§ **Exercise goal**: Here is a listing, set out below; repeat its lines from the one with "အမေရိကန်သမ္မတ ဒေါ်နယ်ထရမ့်က ၂၀၂၅" to the last, both included, and leave out the pictures.

§ **Record set**:
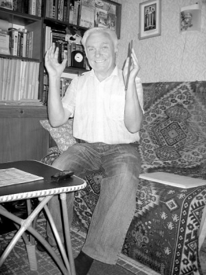 Запрошує до кімнати. На столі стоїть старий комп"ютер, поряд — холодильник і полиці, заставлені науковою літературою. Над дверима — дерев"яний хрест.
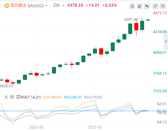 受美联储将进一步降息的预期和持续的避险需求提振,现货黄金突破上周五的纪录高位,触及4381.4美元/盎司,截至目前,黄金报价4370.33。
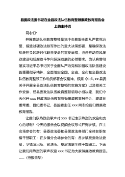 县委政法委书记在全县政法队伍教育整顿廉政教育报告会上的主持词
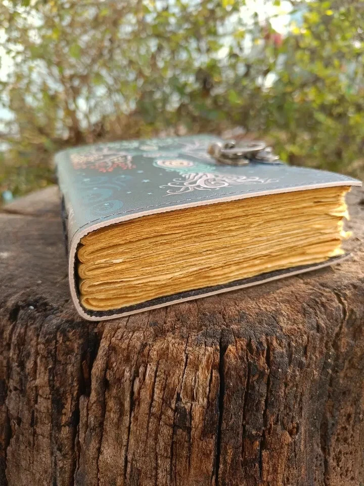 Features: * Material: Leather & Recycled Paper. * Size: approx. 7 x 5 inches * handmade khadda paper, made from recycled cotton. *Page : 200 (counting both side) * A very beautiful gift for yourself or your friends. * Great diary, travel journal and notebook. FAQ: More About Us: We are a Fair Trade company and regularly visit our suppliers to ensure the highest standards are met. We pay our suppliers 50% upfront and send money to them whenever they need it and we never send anything back, even if it’s damaged. To incentivise the staff, we have a bonus system in place, and they can earn up to 5% of our total order value, which can equate to an extra month’s wages per year. Where are your journals made? These handmade journals are made by a small family business in Rajasthan, India. How many pages does the journal come with and what is it made of? These medium leather journals have 125 pages of handmade khadda paper, made from recycled cotton (also known as kaddi or khaddi) that has been left over from the massive garment industry in India. They are handmade and don’t contain chemicals as we only use unbleached cotton. The paper is made by a charity in rural Rajasthan that promotes women’s education and their social standing in rural villages. How are the journals made? The leather has been tanned by our suppliers and the journals have been crafted using a mixture of love, contemporary and traditional skills. The embossing has been expertly created using small individual handmade tools making each journal unique. The pages have been bound by hand, so they are strong and perfect for travelling Due to the nature of these leather journals the embossed pattern might not be the same as on the image. Each item is individual, leather is a natural product and can have slight imperfections, we feel this adds to the individuality and makes each product unique. For embossed items, the exact pattern will not be the same as the sample image shown but all products have been made with the same handmade. What can I use the journal for? They are perfect to use as a scrapbook or art book, doodle book or diary, and the paper is great for water-colour painting. Anything else I should know? Due to the fact that these products are individual, rustic and handmade, the colour and designs may slightly vary but loveliness comes as standard. PLEASE NOTE: We do not advise using a fountain pen with this type of handmade paper as the ink may spread. When can I expect my delivery? We aim to process and dispatch your delivery on the same day. Please allow up to 1 working days to receive this.
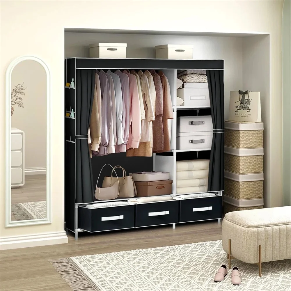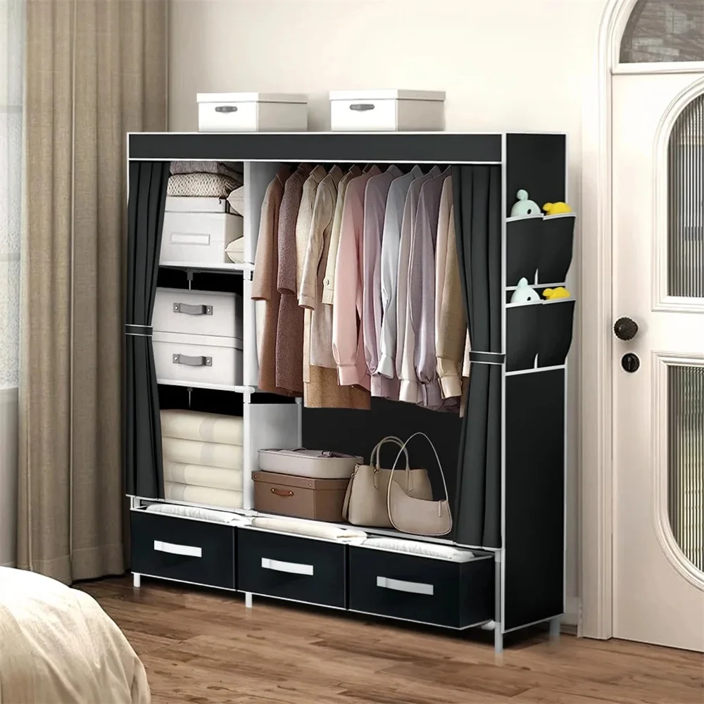 This portable closet comes with clothes hanging rods, 3 storage shelves, 3 drawer boxes and 2 side pockets, offer you extra space for both your longer outfits and folded clothes.
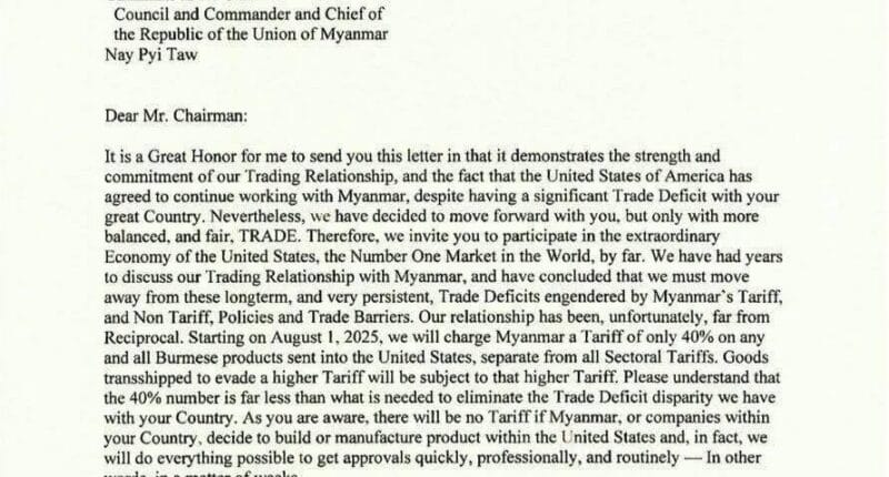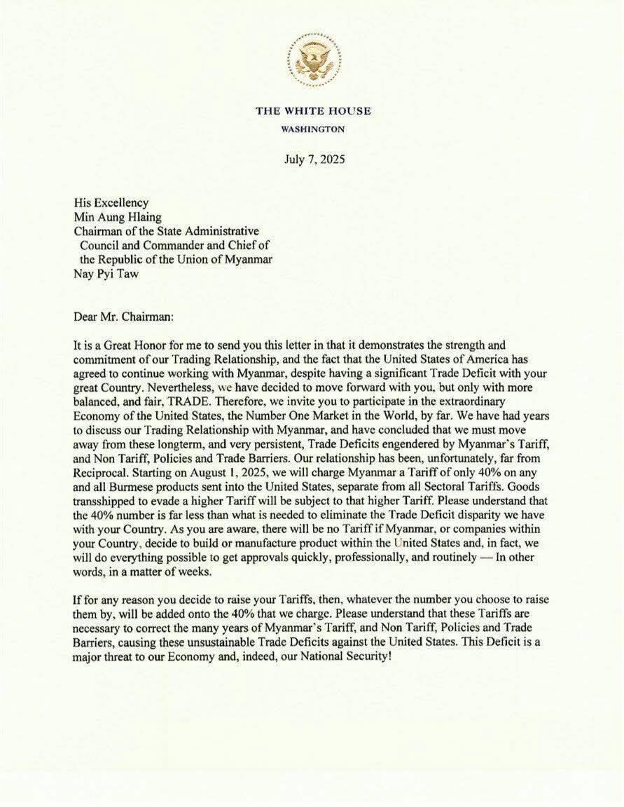 အမေရိကန်သမ္မတ ဒေါ်နယ်ထရမ့်က ၂၀၂၅ ခုနှစ် ဇူလိုင် ၇ ရက်နေ့မှာ မြန်မာနိုင်ငံ၊ ထိုင်းနိုင်ငံ၊ လာအိုနိုင်ငံ၊ ဂျပန်နိုင်ငံ၊ တောင်ကိုရီးယားနိုင်ငံ၊ အင်ဒိုနီးရှားနိုင်ငံအပါအဝင် နိုင်ငံ (၁၄) နိုင်ငံမှ ကုန်စည်တွေအပေါ် အခွန်တိုးမြှင့်မယ့် အကြောင်းကြားစာ ပေးထားခဲ့ပါတယ်။
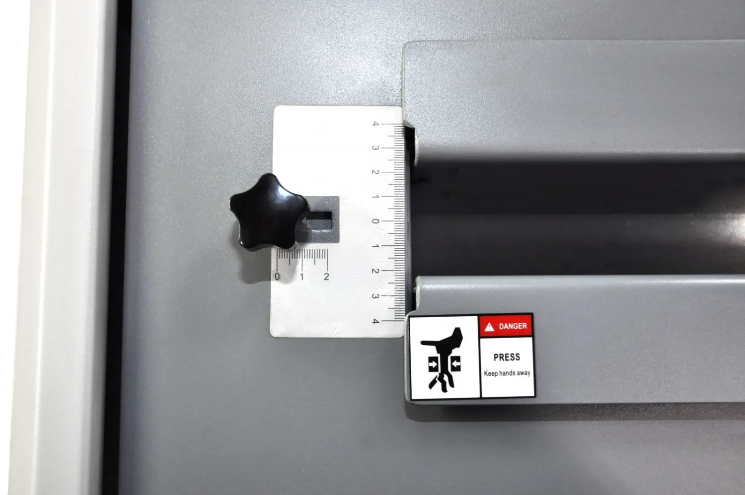 - Неравномерность приклеивания обложки можно быстро отрегулировать с помощь поворота двух рукояток справа;
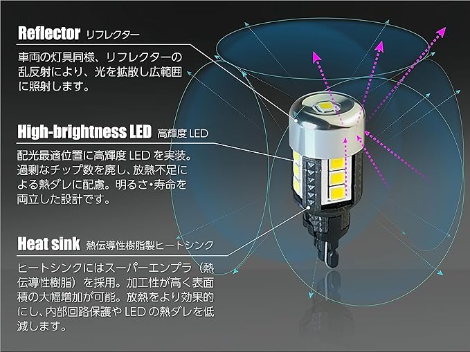 【商品説明】T16サイズの爆光130lmLED!純正球に比べてコンパクトな設計なので幅広い車種に適合します。
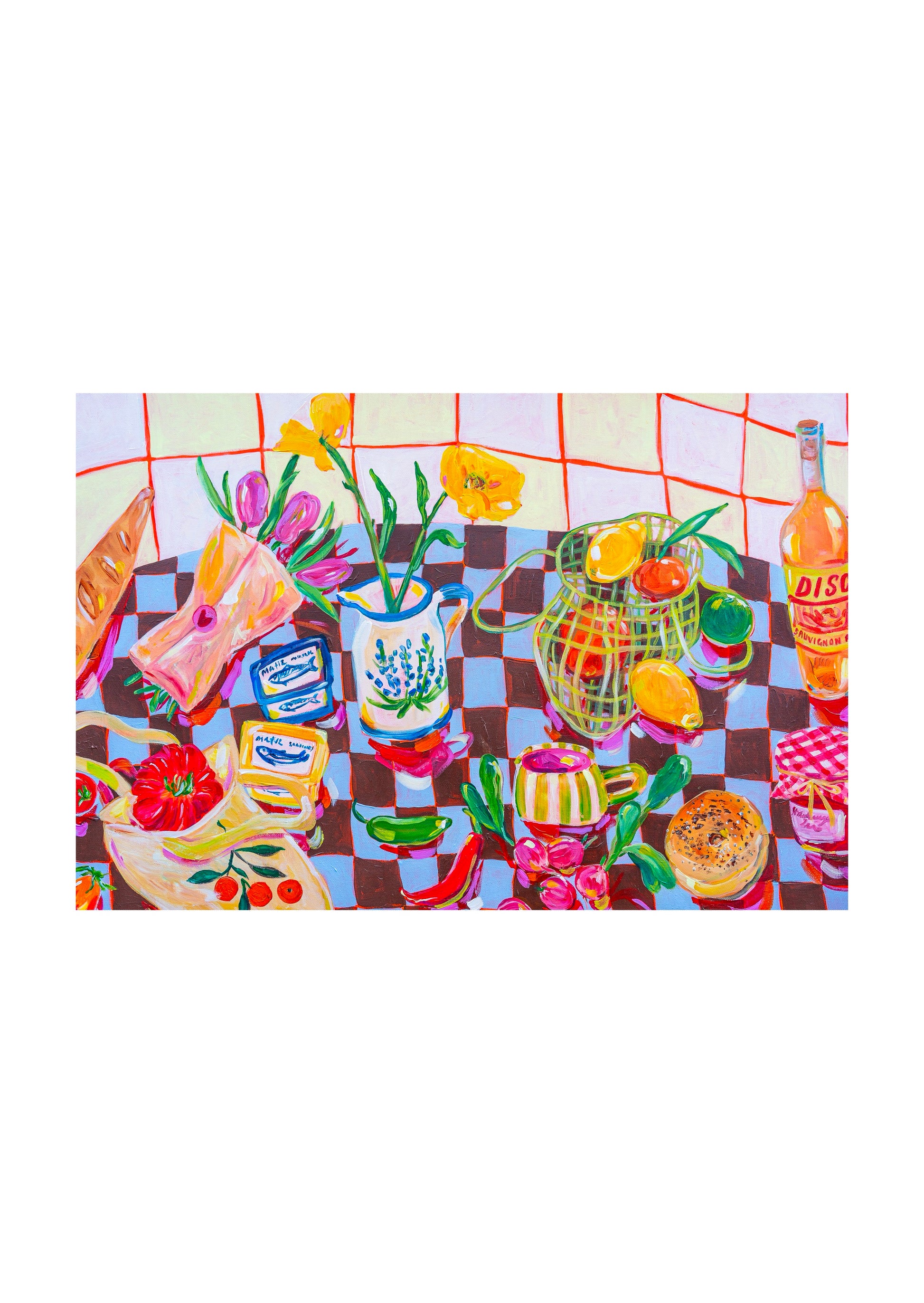 ‘Market Haul’ fine art print from the June 2025 ‘Set the Table’ collection. Available in sizes A5–A2.

§ **Solution to this problem**:
 အမေရိကန်သမ္မတ ဒေါ်နယ်ထရမ့်က ၂၀၂၅ ခုနှစ် ဇူလိုင် ၇ ရက်နေ့မှာ မြန်မာနိုင်ငံ၊ ထိုင်းနိုင်ငံ၊ လာအိုနိုင်ငံ၊ ဂျပန်နိုင်ငံ၊ တောင်ကိုရီးယားနိုင်ငံ၊ အင်ဒိုနီးရှားနိုင်ငံအပါအဝင် နိုင်ငံ (၁၄) နိုင်ငံမှ ကုန်စည်တွေအပေါ် အခွန်တိုးမြှင့်မယ့် အကြောင်းကြားစာ ပေးထားခဲ့ပါတယ်။
 - Неравномерность приклеивания обложки можно быстро отрегулировать с помощь поворота двух рукояток справа;
 【商品説明】T16サイズの爆光130lmLED!純正球に比べてコンパクトな設計なので幅広い車種に適合します。
 ‘Market Haul’ fine art print from the June 2025 ‘Set the Table’ collection. Available in sizes A5–A2.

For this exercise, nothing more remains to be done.